» **Instructions to follow**
What is needed is an exact transcription of the listing, with the images removed.

------ Data ------

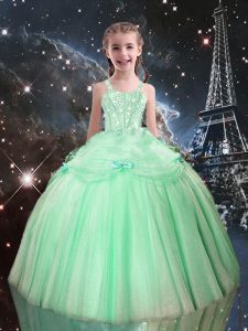 Most Popular Apple Green Sleeveless Beading Floor Length Quinceanera Dress
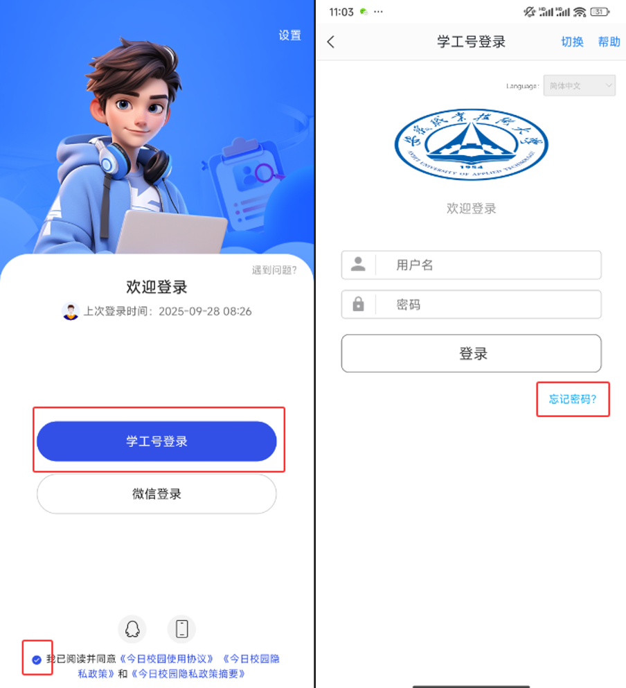 打开今日校园,选择【学工号登陆】,然后选择【忘记密码】。
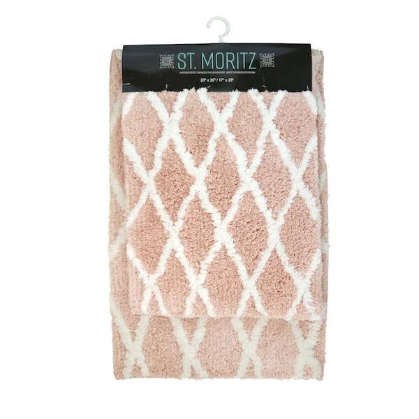 St. Mortiz 2-Piece Bathroom Rug Set, 17X23 & 20X30, Color Ground with Criss Cross Pattern, Color Options St Mortiz rug sets are made with 100% microfiber and have latex or spray latex backing. These rugs have 4 solid color options, and include a modern sleek header card that presents these rugs beautifully. Each set of 2 contains 1 rug that is 17x23 in., and another that is 20x30in

------

» **Answer for the task**
 Most Popular Apple Green Sleeveless Beading Floor Length Quinceanera Dress
 打开今日校园,选择【学工号登陆】,然后选择【忘记密码】。
 St. Mortiz 2-Piece Bathroom Rug Set, 17X23 & 20X30, Color Ground with Criss Cross Pattern, Color Options St Mortiz rug sets are made with 100% microfiber and have latex or spray latex backing. These rugs have 4 solid color options, and include a modern sleek header card that presents these rugs beautifully. Each set of 2 contains 1 rug that is 17x23 in., and another that is 20x30in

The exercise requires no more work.